Any failing tests with t.notEqual or t.notDeepEqual always show the expected value as undefined because they return a result with a notExpected property (which is totally ignored) instead of the expected property which _assert actually looks at.
Can you provide specific repro code?
Oh, sorry. I wasn't sure it was worth including a one-liner. Actually, since you guys clearly don't care about the quality of your error output at all, I wasn't sure if anyone would even respond. Here's a full reproduction (and a pull request which brings it inline with notDeepLooseEqual).
const test = require('tape')
// Note that both of these failures say "expected: undefined"
test('notEqual error', (t) => {t.plan(1); t.notEqual(3, 3)})
test('notDeepEqual error', (t) => {t.plan(1); t.notDeepEqual(3, 3)})
// This one, on the other hand, says:
// operator: notDeepLooseEqual
// expected: 3
// actual: 3
test('notDeepLooseEqual', (t) => {t.plan(1); t.notDeepLooseEqual(3, 3)})

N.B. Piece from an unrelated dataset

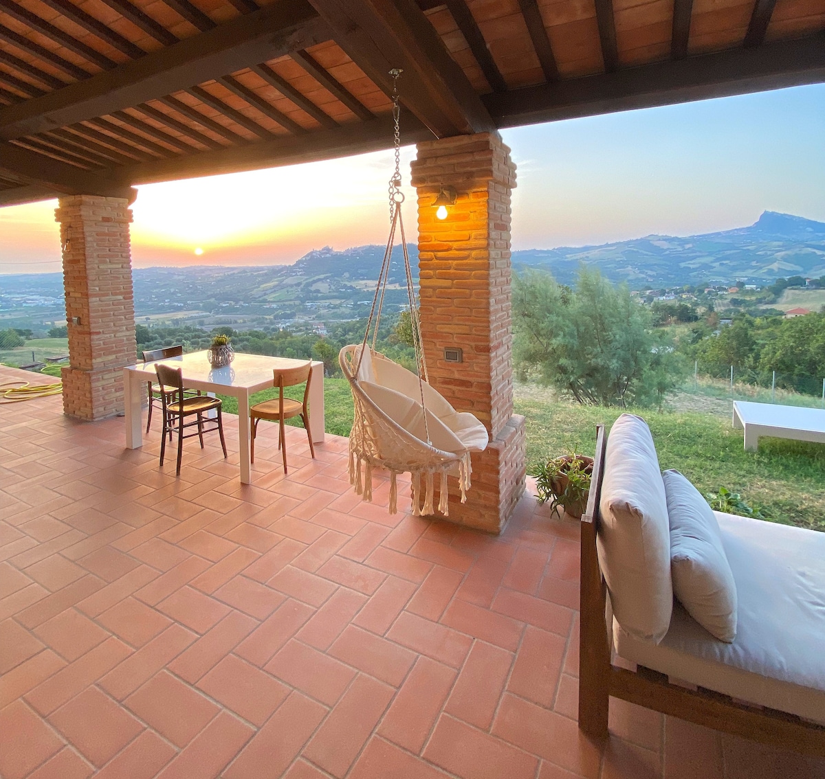Chalet Sole Luna, fully renovated, is a chalet-style villa set in 2,500 sqm of private greenery, surrounded by fragrant olive trees and shaded by a pine grove, on a scenic hill where nature and silence reign supreme. Complete privacy, breathtaking sunsets, and starry skies frame a truly restorative stay. Ideal for families and groups of friends. Just a few kilometers from the Misano World Circuit, it’s an exclusive retreat where peace meets landscape. The Chalet is Pet Friendly!

Wow, there's really no need to be hostile - we care about the quality of our error output very much.
If you have a six-year-old test harness code base where nobody has ever manually inspected the output of notEqual and notDeepEqual with an expected value other than undefined, then in practice you absolutely don't care about the quality of your error output at all, no matter what you might like to tell yourself. Talk is cheap.
Again, no need to be hostile. If you never wrote your code incorrectly such that you saw that error output, how would you know it’s quality wasn’t up to snuff? As for this codebase, humans make mistakes - and that has zero bearing on “what they care about”.
Hostile talk is very expensive; please conduct yourself appropriately and professionally.